*Vittorio_Cottafavi è stato un regista e sceneggiatore italiano.
Vedi anche: https://ilcomunista23.blogspot.it/2017/08/tragedia-come-paideia-eva-cantarella.html
Le parole sono armi - Luciano Canfora (Da: http://salvatoreloleggio.blogspot.it)
Diceva Aristofane, e forse ci credeva, che molte signore ateniesi si erano dapprima coperte di vergogna, quindi suicidate, per il coinvolgente influsso esercitato sulla loro mente delle figure femminili messe in scena da Euripide. Queste figure, per esempio Fedra innamorata del figliastro, o Stenebea, moglie di Preto, ma presa d’amore per Bellerofonte, vengono designate da Aristofane, nello stesso contesto delle Rane, con la cruda e iniqua parola cara ad ogni Tartufo: “sgualdrine”. L’idea che Aristofane esprime, e i suoi spettatori condividono, è che il teatro sia il veicolo di una ideologia: “Il poeta deve nascondere il male, non metterlo in mostra né insegnarlo. Ai bambini fa lezione il maestro, agli adulti i poeti”.
Questa è l’idea che gli ateniesi hanno del teatro e della sua implicazione politica ed esistenziale. Politica, anche: non a caso dalla più antica erudizione è stato usuale cercare di cogliere e spiegare i riferimenti molteplici, le allusioni, contenuti nelle tragedie e nelle commedie, in quanto appunto suprema forma di pedagogia collettiva. Non a caso su questo teatro veniva esercitata una censura, e talvolta una esplicita repressione politica. “Non daremo il coro a chiunque”, ammonisce l’interlocutore ateniese nelle Leggi di Platone.
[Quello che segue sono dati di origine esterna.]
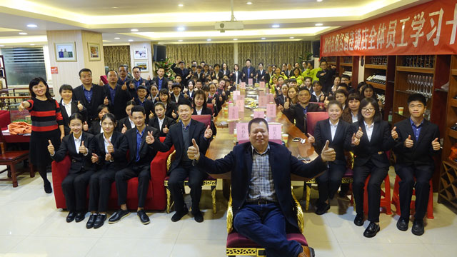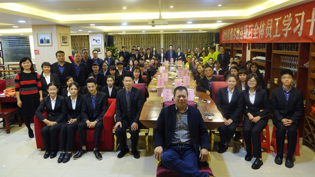 11月25日晚21点,在我司永泰酒窖隆重举行员工大会暨俊涛全体员工学习十九大精神。各门店同事陆续到场,现场一片欢声笑语、大家无拘无束、相互寒暄,如同回到了温暖的家。俊涛大家庭欢聚一堂,会场PPT上映射着“各位伙伴、欢迎回家”。虽然是在寒冷的夜里,但心也是暖暖的。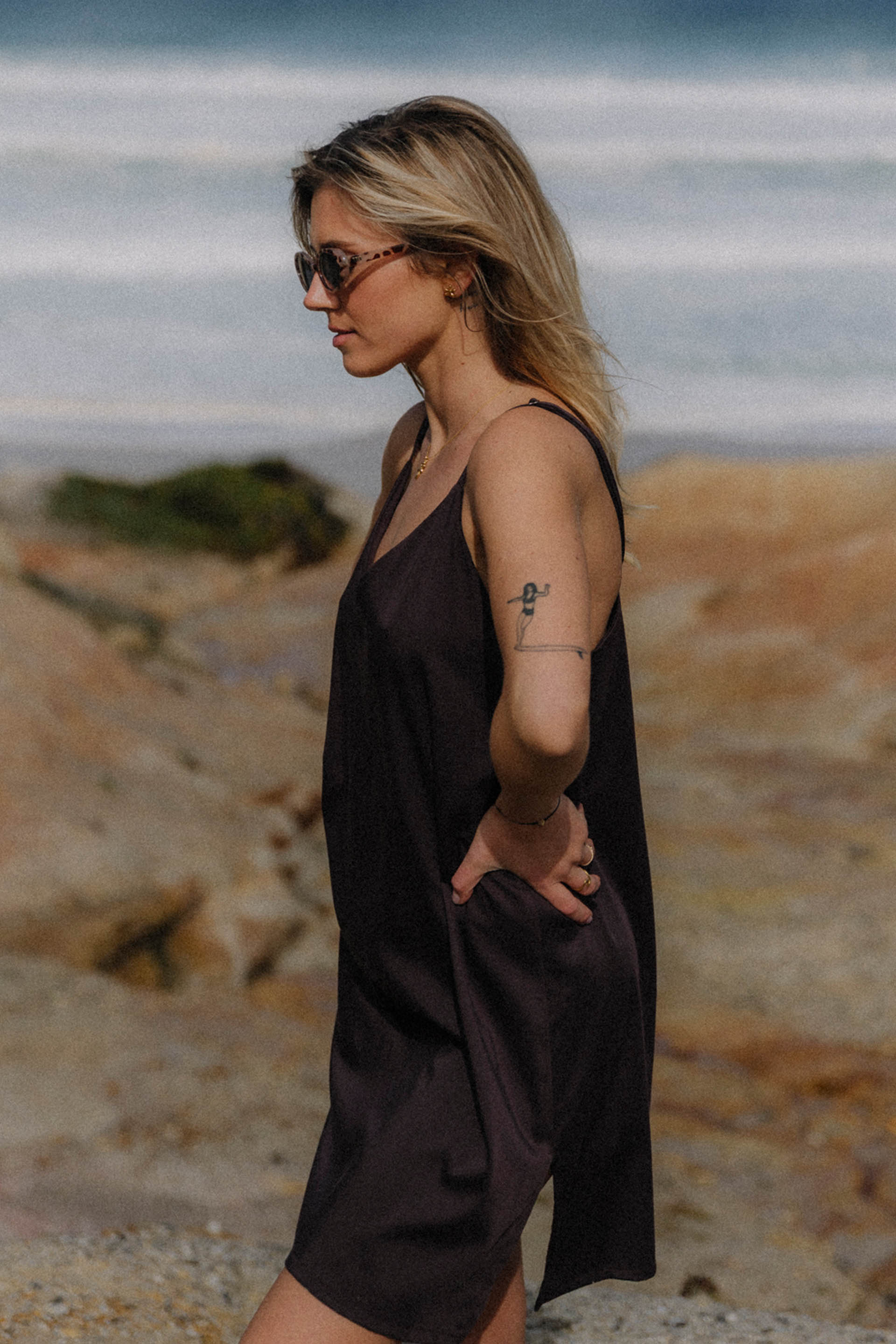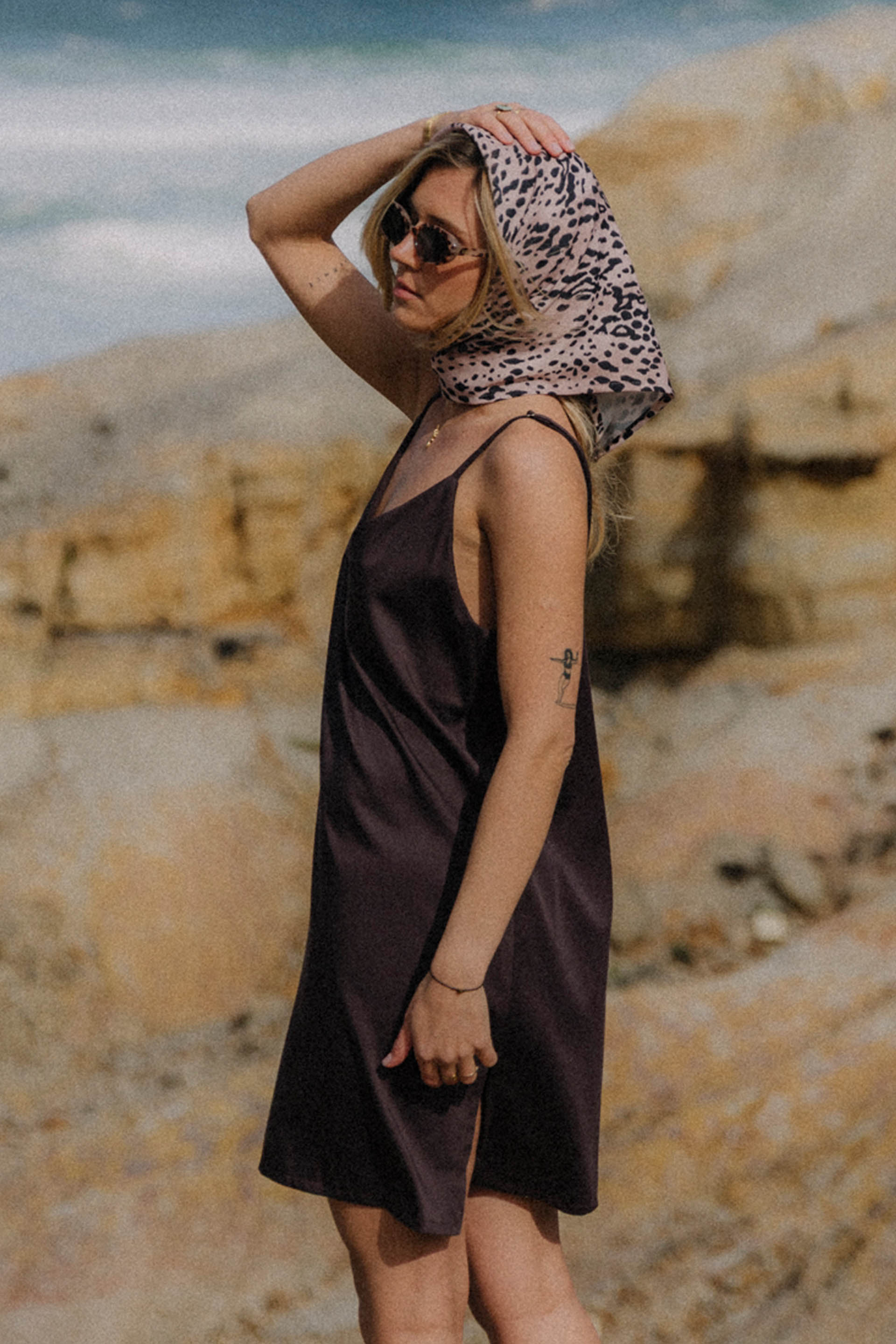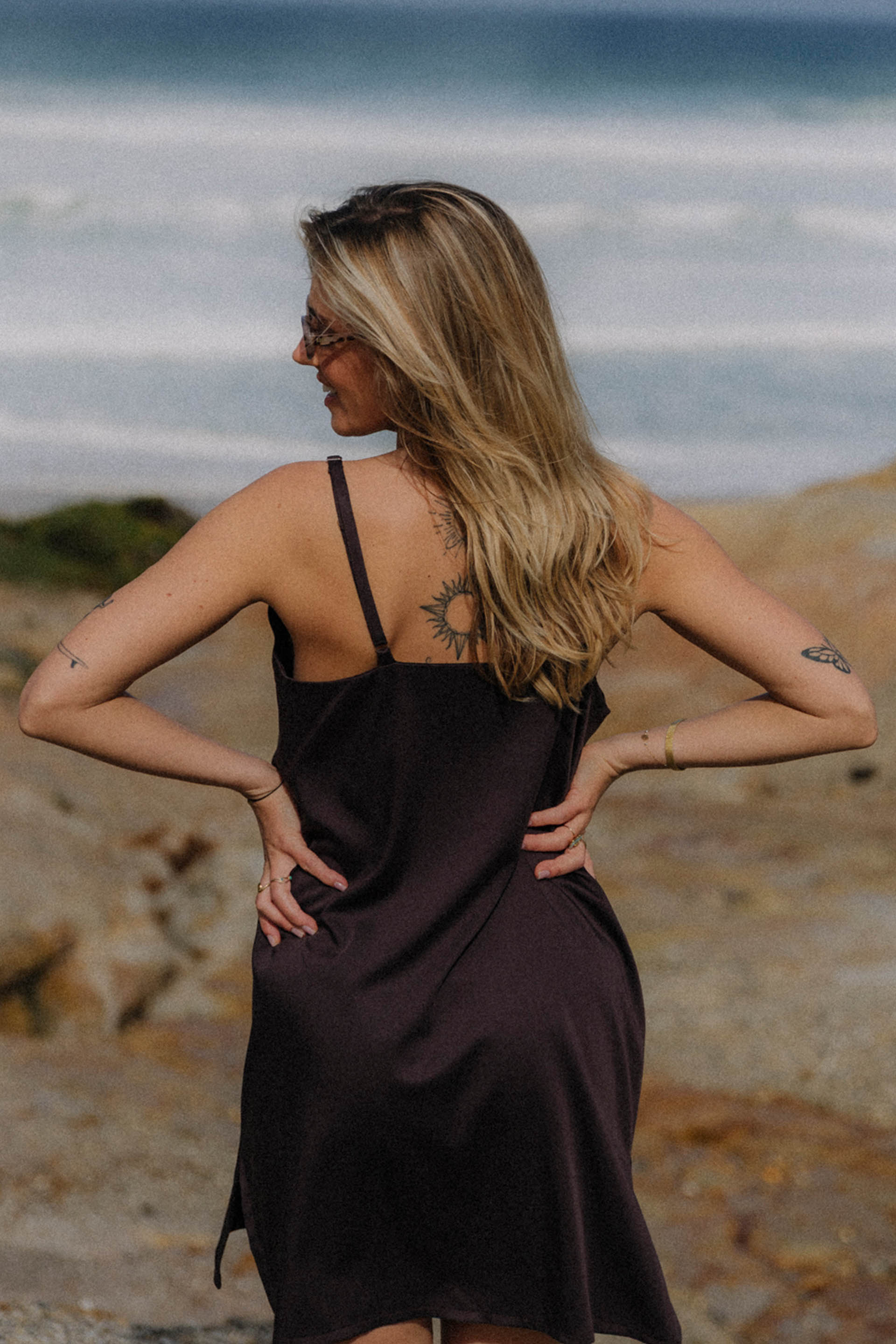 SUKIENKA KYLIE CHOCO - głęboki czekoladowy odcień, który przywołuje zapach porannej kawy. Zwiewna, luźna forma dzięki której sukienka idealnie pasuje na każdą sylwetkę. Skrojona tak, by z lekkością opływała Twoje ciało.

Victor Ehrenberg in un saggio assai noto, Sofocle e Pericle, apparso nel 1954, sostenne che l’Antigone di Sofocle rappresenta la rivendicazione dei valori umani in antitesi con le leggi positive dello Stato (di ogni Stato, parrebbe di capire). Ehremberg si poneva criticamente di fronte a un grandissimo interprete ottocentesco dell’Antigone, Hegel, il quale nelle Lezioni di estetica aveva visto nello scontro tra Antigone e il tiranno Creonte l’espressione della polarità tra la famiglia e lo Stato.
Per chi lo ignori non è male ricordare che Antigone pullula di dibattiti politici: ad esempio quello tra Emone e Creonte, tutti centrati sui temi vitali della comunità (il potere personale, il controllo popolare, il consenso conformistico e coatto e così via). I cercatori della poesia “pura” hanno sempre arricciato il naso dinanzi a questo genere di interpretazioni. Ignari per lo più della natura intimamente e strutturalmente politica del teatro ateniese, fraintendono un teatro il cui strumento erano appunto le maschere prototipiche della tradizione mitologica.
Una messinscena dell’Antigone promossa da un gruppo femminista tedesco fu vietata subito dopo Stammhein (1977) [il riferimento è alla RAF e alla morte in carcere dei componenti del gruppo Baader Meinhof ]. Il divieto della sepoltura che è al centro della tragedia sofoclea si offriva spontaneamente come parallelo della più oscura e tragica vicenda degli “anni di piombo”. Il censore governativo ragionò alla stessa maniera del gruppo femminista, ma con intendimento opposto.
Non riesco perciò davvero a capire il chiasso ostile che si è voluto fare intorno all’Antigone di Rossana Rossanda. Forse è tutto dovuto a una scarsa cultura storico-letteraria. Ogni volta che questa moderna studiosa del moderno fenomeno eversivo ricorre alla figura di Antigone – anni fa con l’omonima rivista, ora con l’introduzione alla tragedia – si levano proteste a misurare il misfatto di lesa Antigone. Non sanno, come sapevano invece gli ateniesi, che le parole dette dalle scena erano “armi”.